The second scenario, Whose Game?, envisages a world defined by geopolitical change, specifically, the emergence of Asian powers as rivals to those in the West. This shift leads to the rise of protectionism in the form of a Trans-Atlantic Free Trade Area (TAFTA) Treaty spanning Europe and North America and other regional trade agreements that exist in uneasy counterbalance. 

The scenario posits an IP world split along fissures of principles, practicalities and pragmatism. On one side, a waning TAFTA sphere sees patent rights increasingly constricted, while on the other, an emerging Asia-South America bloc uses the same to exert technological influence and dominate a new knowledge economy.

The result of this factiousness is that the TRIPS (Trade-Related Aspects of Intellectual Property Rights) Agreement is sidelined.
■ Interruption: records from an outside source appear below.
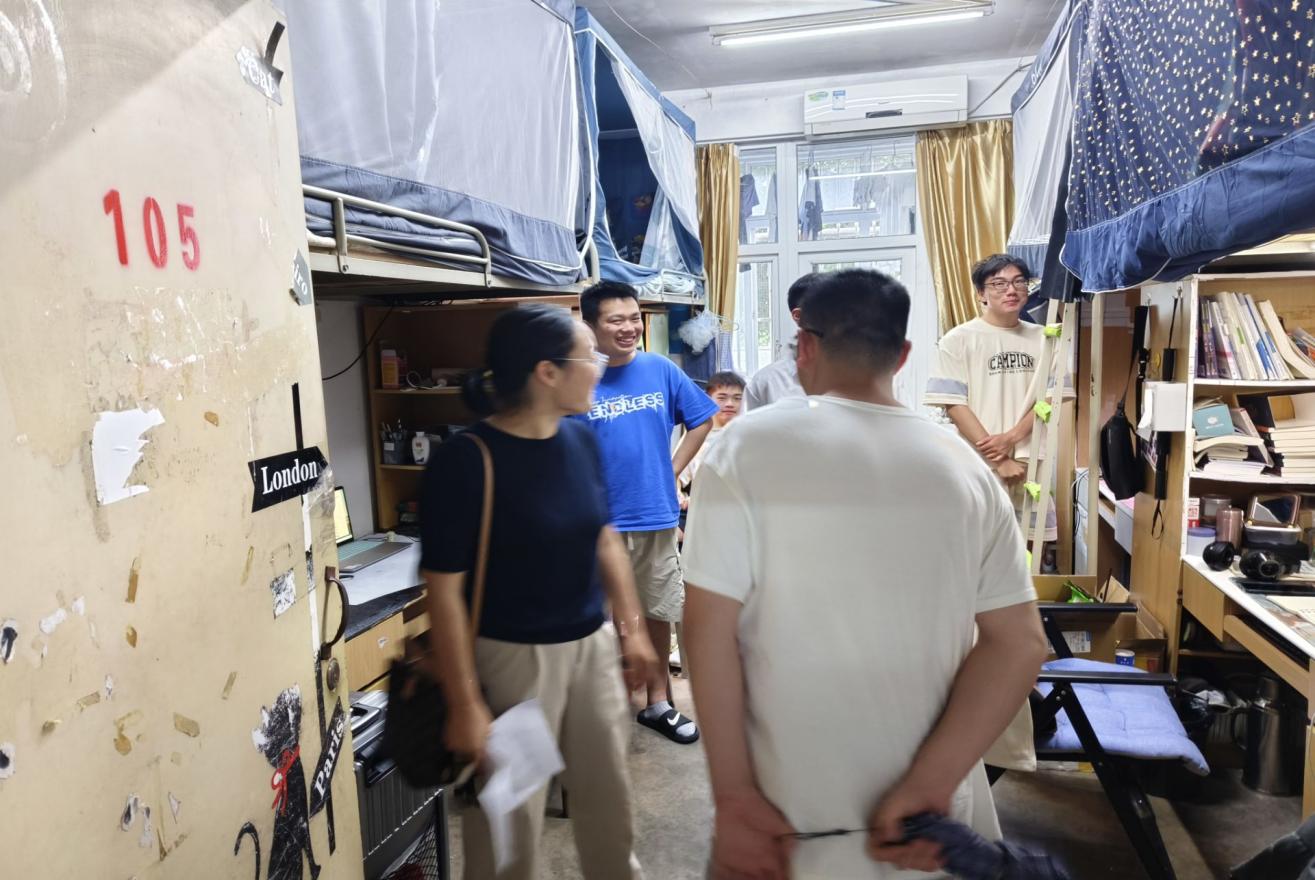 为落实立德树人的根本任务,着力构建全员育人、全过程育人、全方位育人的工作格局,扎实推进领导干部深入基层联系学生工作,2024年5月23日中午,科学研究发展院院长刘建民、副院长高红亮,以及yl6809永利集团领导班子、班主任、辅导员一行,深入对接楼栋23栋开展学生宿舍走访活动。此次走访旨在通过深入基层走访,面对面与学生进行对接交流,掌握学生思想动态、学习工作、日常生活等方面情况,切实了解学生们的“急难愁盼”,同时对学生宿舍进行常态化安全大检查,将严格管理和思想教育相结合,引导学生培育优良学风、规范宿舍行为、倡导健康生活,营造文明、安全、和谐的宿舍氛围。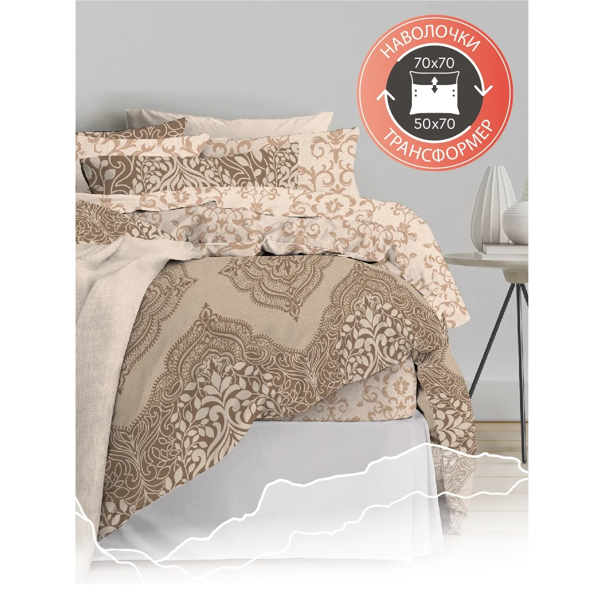 Bed linen latte 1,5 Sp, 2 SP, euro, family with pillowcases transformer, coarse calico, cotton, Vasilisa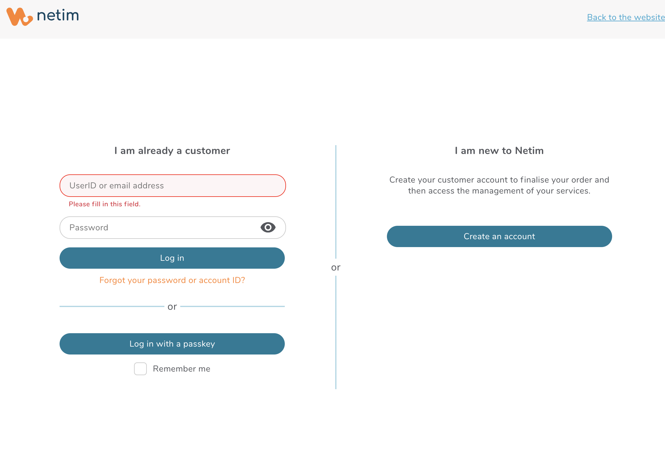 If you're already a Netim customer, log into Netim Direct. If you're new to Netim, create an account and enter the necessary information.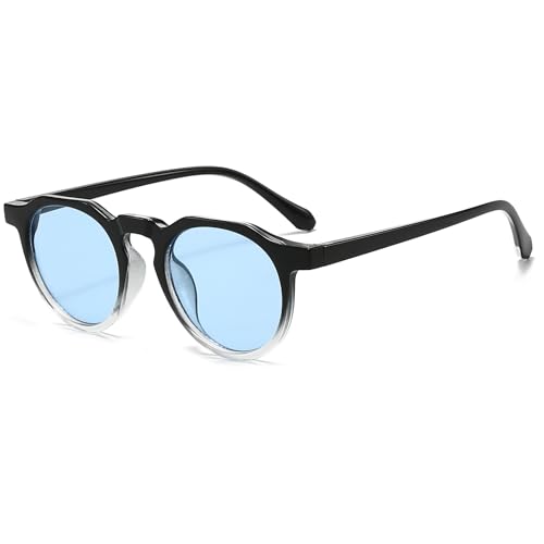 YOJUED Retro Sunglasses Yellow Gradient Glasses Vintage Tinted Sunglasses for Women Men (Transparent Blue)

Globally, the patent system comes under intense strain, particularly in the field of medicine, and different regions establish their own health-related IP systems. In many poorer countries, the focus is on publicly financed research and development, open-source distribution, protection of traditional knowledge and, ultimately, wholesale IP piracy to overcome disparities of access.

Asia as an IP powerhouse

While the scenario correctly identified the rise of Asia in patenting, it understated how pronounced this would be and how concentrated in China. According to statistics published by the World Intellectual Property Organization (WIPO), patent applications in China grew more than 10-fold in just 16 years, from 161,108 in 2007 (when the Scenarios report was published) to 1,642,582 in 2023. During the same period, the number of resident applications per million inhabitants in China increased from 116.1 to 1079.1.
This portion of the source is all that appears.